United Church of God, ia
Portland Oregon/The Dalles Oregon

Preaching the Gospel, Preparing a People

Are There Other Gospels?

The Bible calls the gospel "the gospel of the Kingdom of God" (Mark 1:14) or simply "the gospel of the kingdom" (Matthew 4:23, 9:35, 24:14). But the biblical writers used other names for it as well. For instance, the Bible speaks of the "gospel of Christ" and the "gospel of God." Do these names refer to various messages or different gospels?

As we will see, these are other terms for the same message preached by Jesus Christ.

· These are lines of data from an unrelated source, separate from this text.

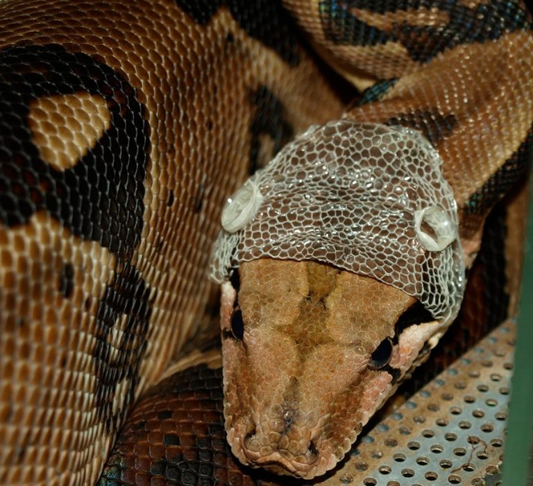 Pay attention to the snake's skin. Her old scales come off along with her eye glasses.
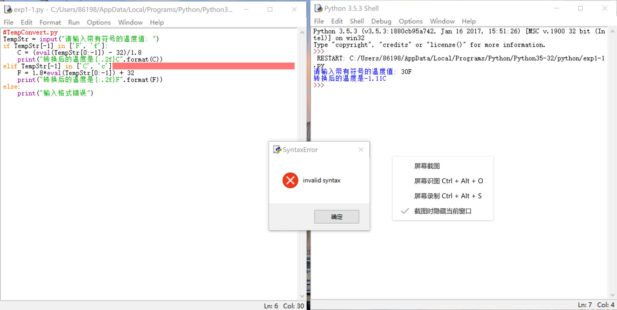 1、按照实验指导安装IDLE,尝试交互式运行python程序和批量运行python程序二种方式。
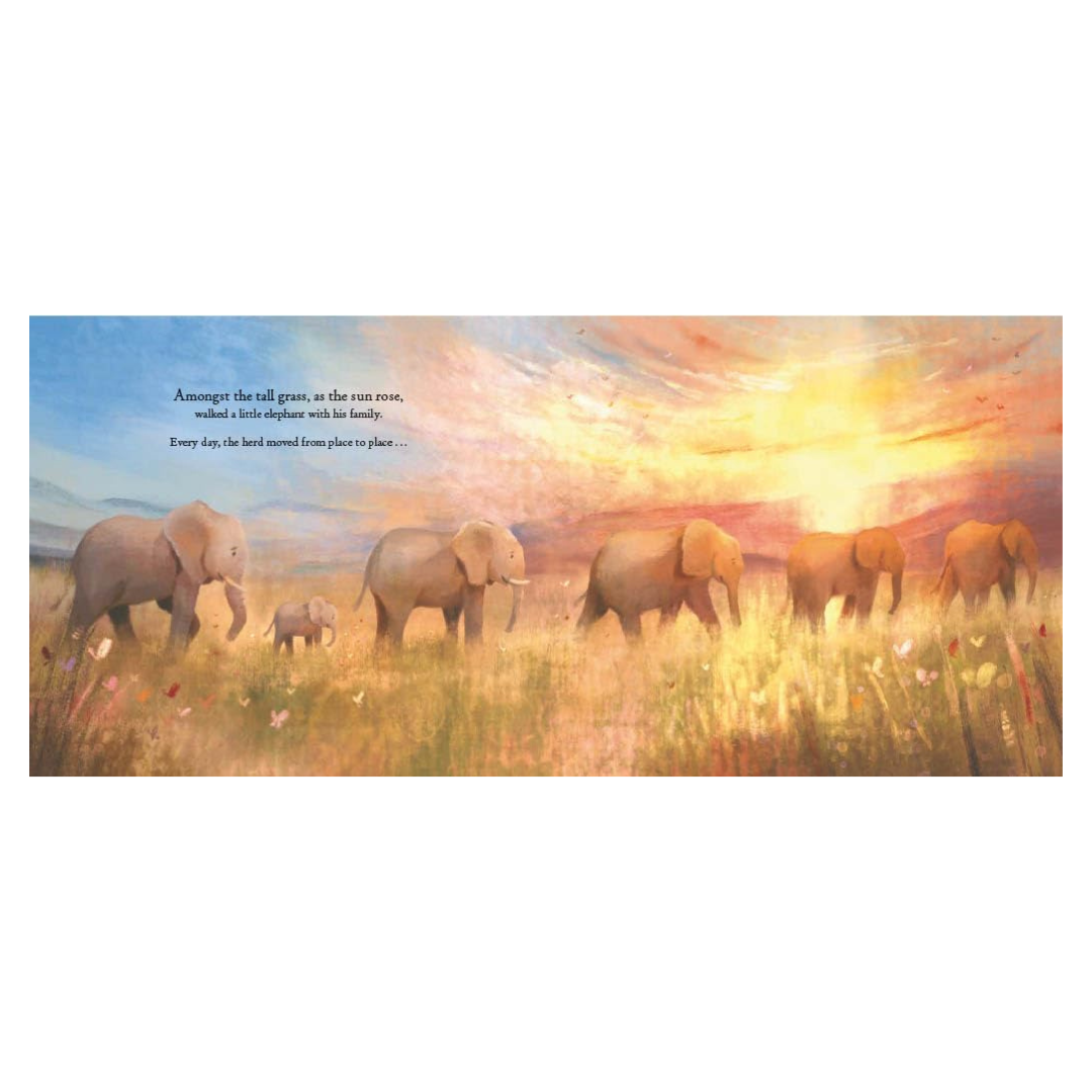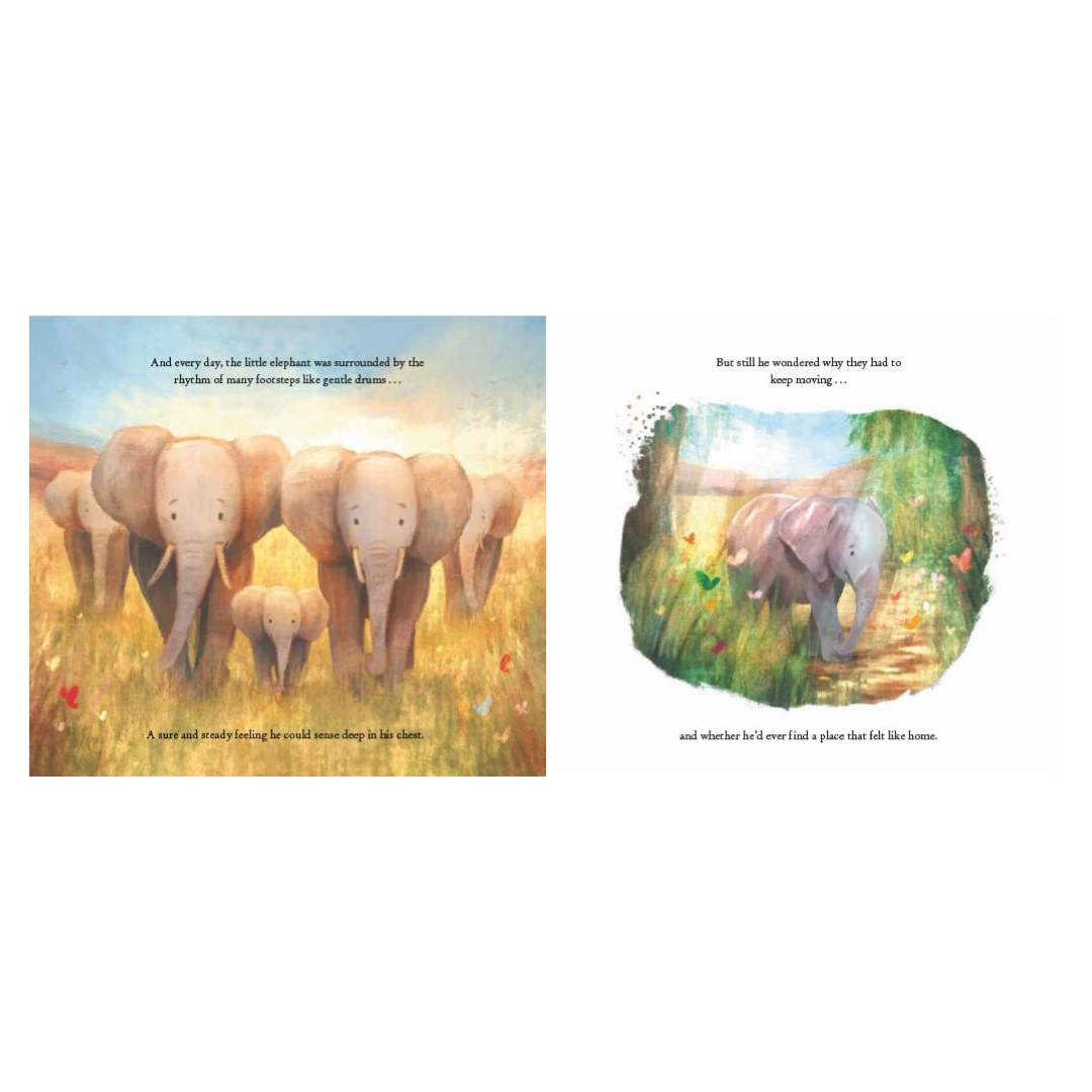 This is a story about a little elephant and his herd. It's a story about moving from place to place each day - and wondering what 'home' means when you move around from forest to grassland to stream.
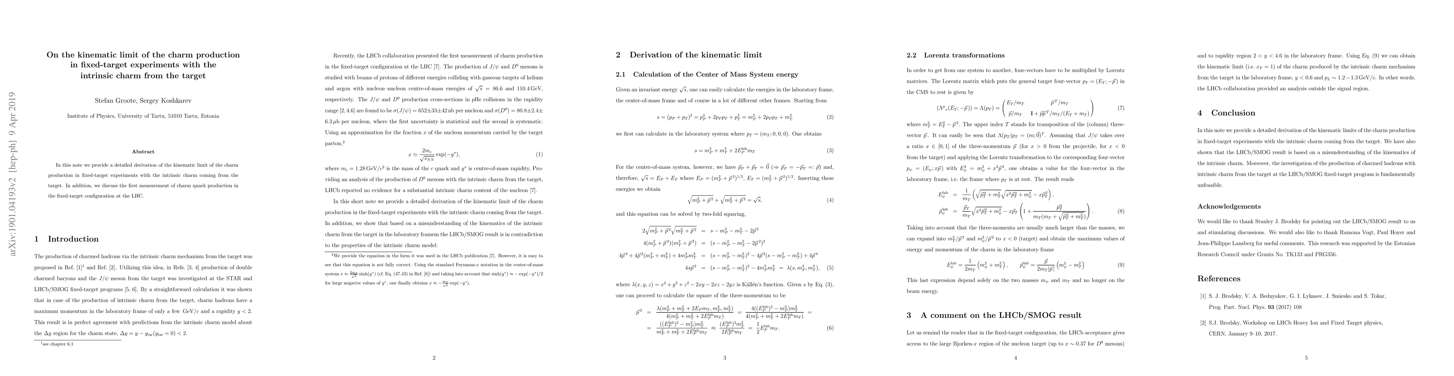 In this note we provide a detailed derivation of the kinematic limit of the charm production in fixed-target experiments with the intrinsic charm coming from the target. In addition, we discuss the first measurement of charm quark production in the fixed-target configuration at the LHC.

For example, the term "gospel of God" simply means that it was a message of good news that originated with God. The apostle Peter tells us that the gospel was sent from God through Jesus Christ. Notice Acts 10:36,37:

"The word which God sent to the children of Israel, preaching peace through Jesus Christ – He is Lord of all – that word you know, which was proclaimed throughout all Judea, and began from Galilee after the baptism which John preached."

It was in Galilee that the gospel of the Kingdom of God was first preached after John's ministry had ended. It was this same gospel which Peter says God sent to the children of Israel by the preaching of Jesus Christ. Hence we see the term "gospel of God" and also the words the "gospel of Christ."

The gospel of God is God's gospel. The gospel of Jesus Christ is the gospel of Jesus brought as God's messenger.

In a similar manner, Paul sometimes uses the term "my gospel" (Romans 2:16, 16:25; 2 Timothy 2:8). This does not mean it originated with Paul, nor was it a gospel about Paul. It was a message he received directly from Jesus Christ. "The gospel which was preached by me…came through the revelation of Jesus Christ," he said (Galatians 1:11,12). The term "my gospel" makes sense because he was the one preaching it.

What about "the gospel of the grace of God" (Acts 20:24)? From the beginning we are called by grace, then justified by grace and also saved by grace. The "gospel of grace", then justified by grace and also saved by grace. The "gospel of grace" is another appropriate term for the same gospel Jesus preached.

The good news of the Kingdom is also called "the gospel of your salvation" (Ephesians 1:13). Since the gospel of the Kingdom of God is about your entrance into the Kingdom of God and is synonymous with salvation, there is no conflict with the other terms for the gospel.

In Revelation 14:6, it is called "the everlasting gospel." Why? Because God's kingdom was planned even before the first man was created. "Then the King will say to those on His right hand, – Come, you blessed of My Father, inherit the kingdom prepared for you from the foundation of the world'" (Matthew 25:34). God's kingdom itself will last forever (Psalm 145:13; Daniel 4:3,34,7:14,27; 2 Peter 1:11).

"The gospel of peace" is also used to describe this gospel (Romans 10:15; Ephesians 6:15). Peace is an important consequence of the gospel of the Kingdom. Prophesying of God's Kingdom, Isaiah said "Of the increase of His government and peace there will be no end" (Isaiah 9:7).

These words and phrases all describe the same gospel. The writers of the New Testament simply used terms that emphasized various aspects of the same wonderful message. Jesus came preaching the gospel of the Kingdom of God (Mark 1:14,15), continued to preach it throughout His ministry (Acts 1:3) and taught His disciples to preach the same message (Matthew 10:7). Although the words to describe it varied, the message is the same.